RECORDS FOR PROCESSING START

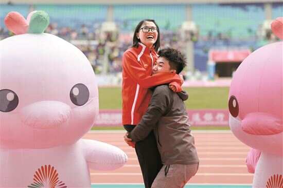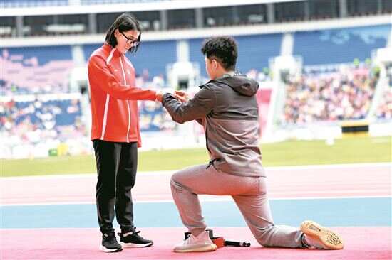 ■湖南队的李东阳向湖南田径运动员史逸婷求婚。 新快报记者 观显锋/摄
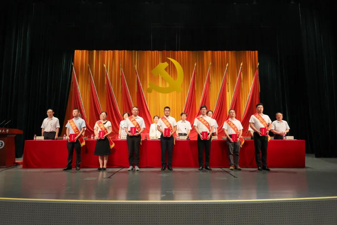 为庆祝中国共产党成立100周年,表彰近年来党建工作中的优秀个人和先进集体,引导激励全校党组织和广大共产党员不忘初心、牢记使命,奋发进取、创先争优,6月30日下午,我校于明德礼堂召开无码av
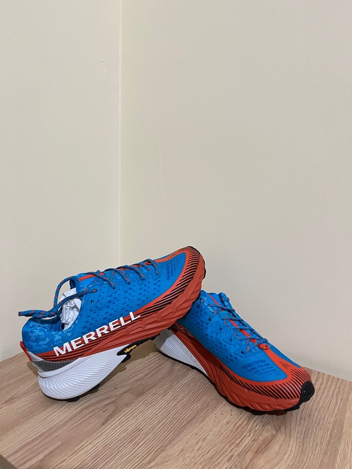 Merrell erkek koşu ayakkabısı, renkli baskılı tasarım, kauçuk taban ve cırt cırt detayına sahip, sportif sokak giyimi için uygundur.
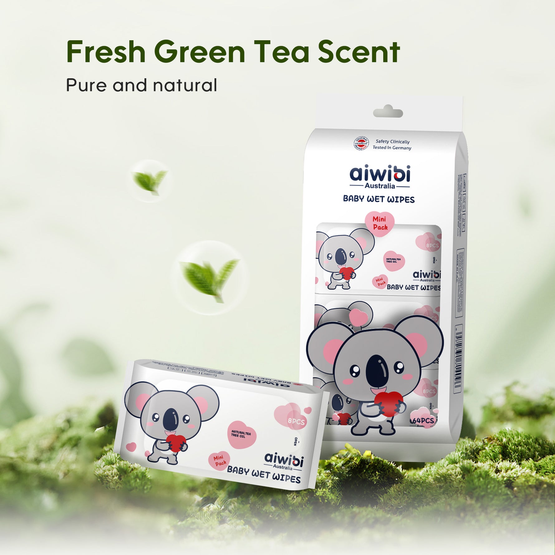 Aiwibi Mini Pocket Portable Wipes – Travel-Friendly & Ultra Soft (8 Packs × 8 Pcs | 64 Wipes)
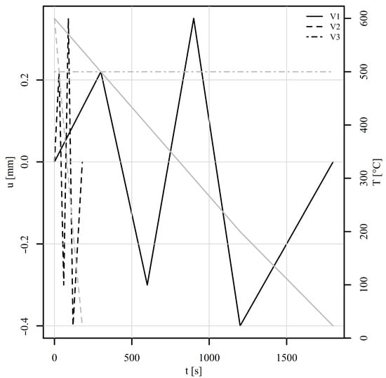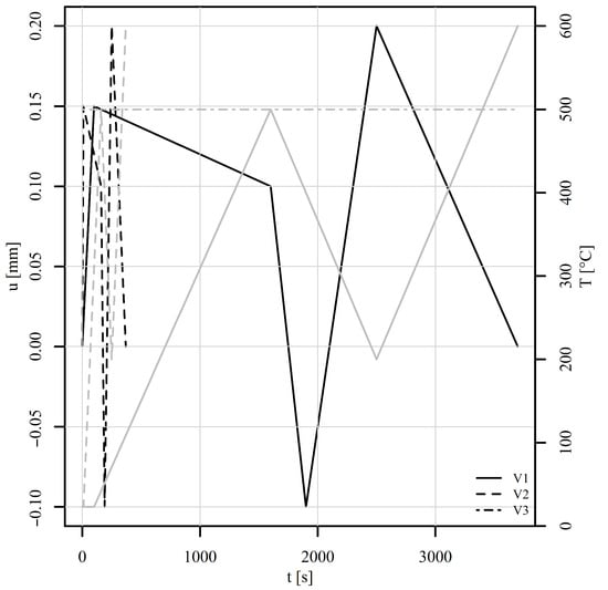 A perforated plate consisting of 15,063 finite elements of linear type C3D8 and 20,872 nodes was subjected to six variable thermomechanical load histories, shown in Figure 11 and Figure 12. Tension–compression and shear loads were considered. For each load, three variants V1, V2, and V3 were investigated. Variant V1 represents a variable mechanical and thermal load (solid lines). Variant V2 differs from V1 only in the loading rate, which is 10 times higher than for V1 (dashed lines). Variant V3 shares the same mechanical load as V1 but is conducted under constant temperature conditions (represented by the dot-dashed line). All simulations were carried out under displacement control. The boundary conditions considered the displacement of the top edge of the perforated plate whilst the bottom edge remained fixed throughout the analyses. The time stepping schemes for variants V1 and V3 were set so that the temperature change for variant V1 could be also achieved experimentally using a coil or a high-power furnace. The time stepping scheme for V2 was set purely to observe the differences in simulated stress–strain fields between variants V1 and V2 due to the loading rate. The mesh convergence analyses were not performed, as the purpose of the examples was to show the working principle of the implemented method.

RECORDS FOR PROCESSING END

* **DESCRIPTION OF THE TASK**: Without the pictures, repeat the entries above line by line, from the first through the one that contains "Aiwibi Mini Pocket", both ends included.

* **ANSWER SECTION**:
 ■湖南队的李东阳向湖南田径运动员史逸婷求婚。 新快报记者 观显锋/摄
 为庆祝中国共产党成立100周年,表彰近年来党建工作中的优秀个人和先进集体,引导激励全校党组织和广大共产党员不忘初心、牢记使命,奋发进取、创先争优,6月30日下午,我校于明德礼堂召开无码av
 Merrell erkek koşu ayakkabısı, renkli baskılı tasarım, kauçuk taban ve cırt cırt detayına sahip, sportif sokak giyimi için uygundur.
 Aiwibi Mini Pocket Portable Wipes – Travel-Friendly & Ultra Soft (8 Packs × 8 Pcs | 64 Wipes)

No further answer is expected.